====== COLLECTED MATERIAL ======
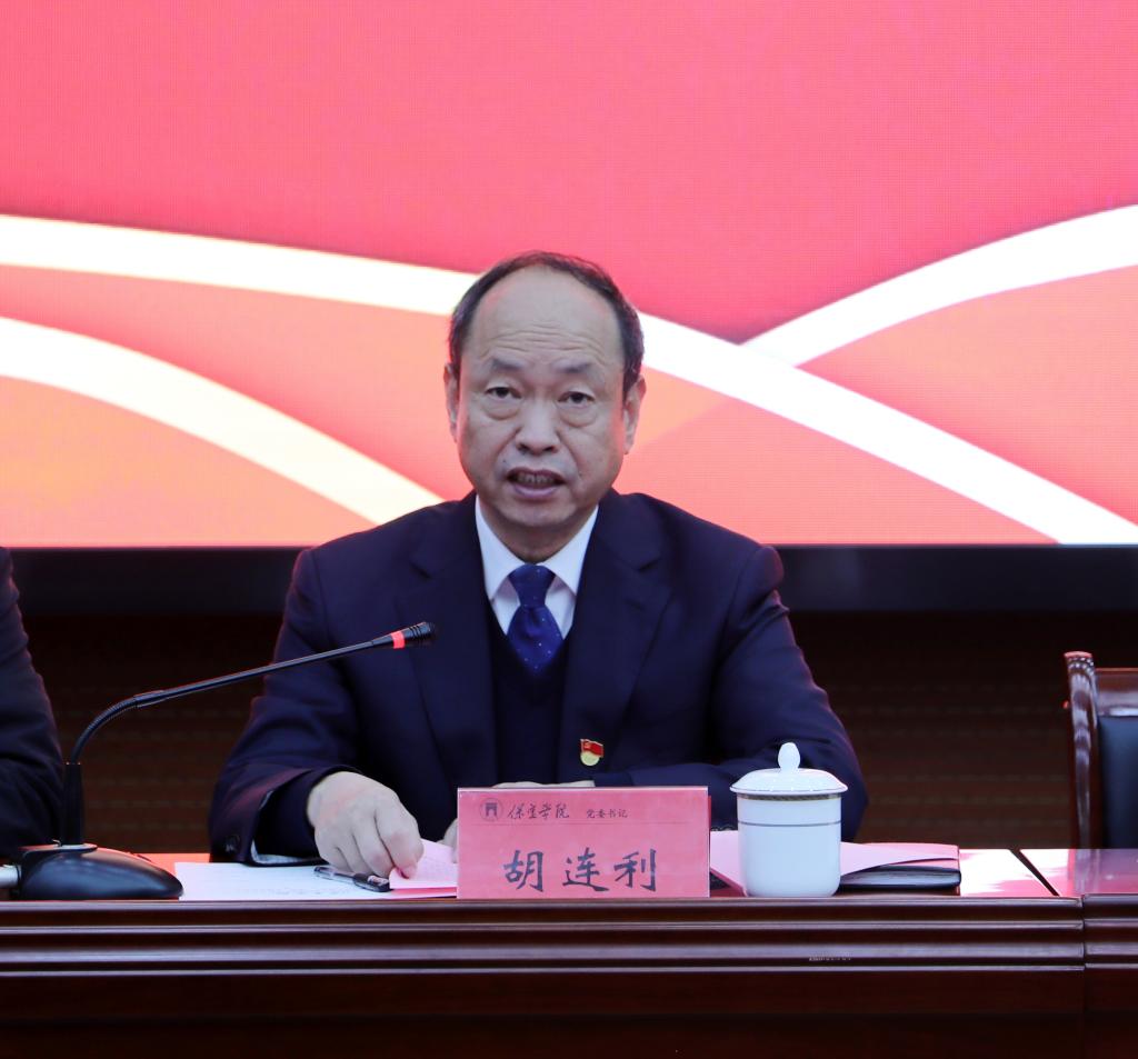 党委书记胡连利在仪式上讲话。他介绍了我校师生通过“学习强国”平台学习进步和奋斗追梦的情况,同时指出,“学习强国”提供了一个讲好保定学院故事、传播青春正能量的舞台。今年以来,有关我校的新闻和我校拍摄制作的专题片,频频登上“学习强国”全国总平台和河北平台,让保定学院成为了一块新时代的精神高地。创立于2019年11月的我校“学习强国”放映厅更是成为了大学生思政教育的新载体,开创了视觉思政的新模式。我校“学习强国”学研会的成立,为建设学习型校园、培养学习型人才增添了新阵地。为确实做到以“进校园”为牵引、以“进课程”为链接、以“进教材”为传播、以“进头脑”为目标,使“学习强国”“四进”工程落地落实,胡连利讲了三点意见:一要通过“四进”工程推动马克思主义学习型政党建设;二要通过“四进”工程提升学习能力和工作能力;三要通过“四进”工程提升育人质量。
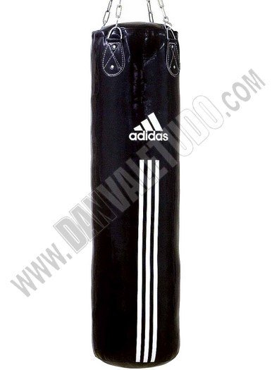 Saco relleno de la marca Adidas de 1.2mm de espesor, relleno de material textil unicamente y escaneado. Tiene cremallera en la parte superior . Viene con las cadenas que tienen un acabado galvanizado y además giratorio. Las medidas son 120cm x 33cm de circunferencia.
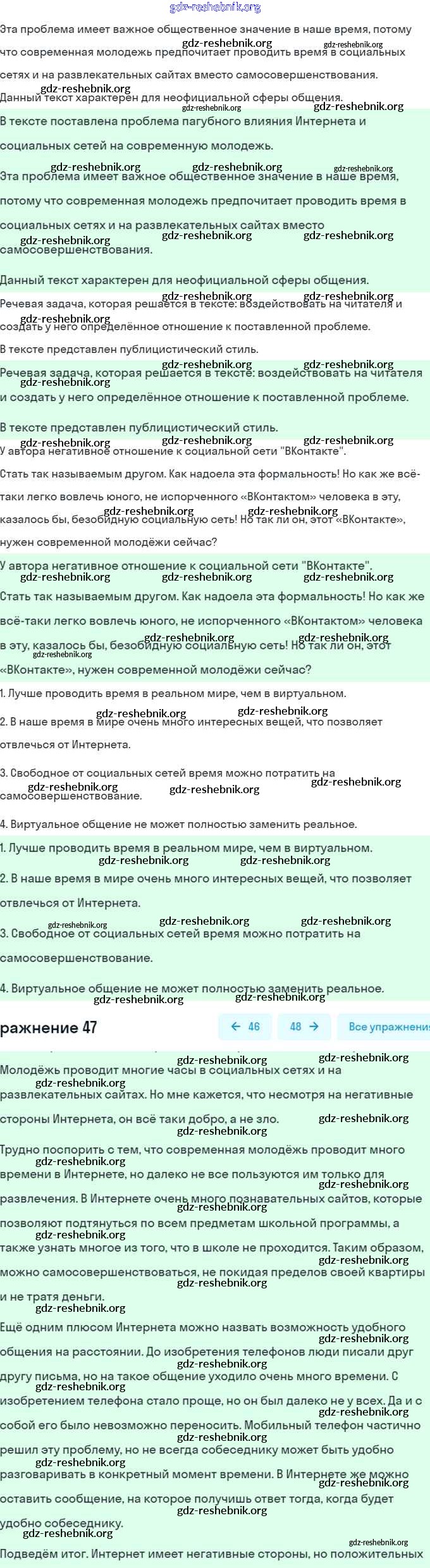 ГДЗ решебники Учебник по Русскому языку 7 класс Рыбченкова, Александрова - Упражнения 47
======
■ PROBLEM REQUIREMENTS:
In the copy, only the lines from the one holding "Saco relleno de" through the end of the listing above should appear, retyped exactly, both ends included, with no pictures.

■ OUTPUT BELOW:
 Saco relleno de la marca Adidas de 1.2mm de espesor, relleno de material textil unicamente y escaneado. Tiene cremallera en la parte superior . Viene con las cadenas que tienen un acabado galvanizado y además giratorio. Las medidas son 120cm x 33cm de circunferencia.
 ГДЗ решебники Учебник по Русскому языку 7 класс Рыбченкова, Александрова - Упражнения 47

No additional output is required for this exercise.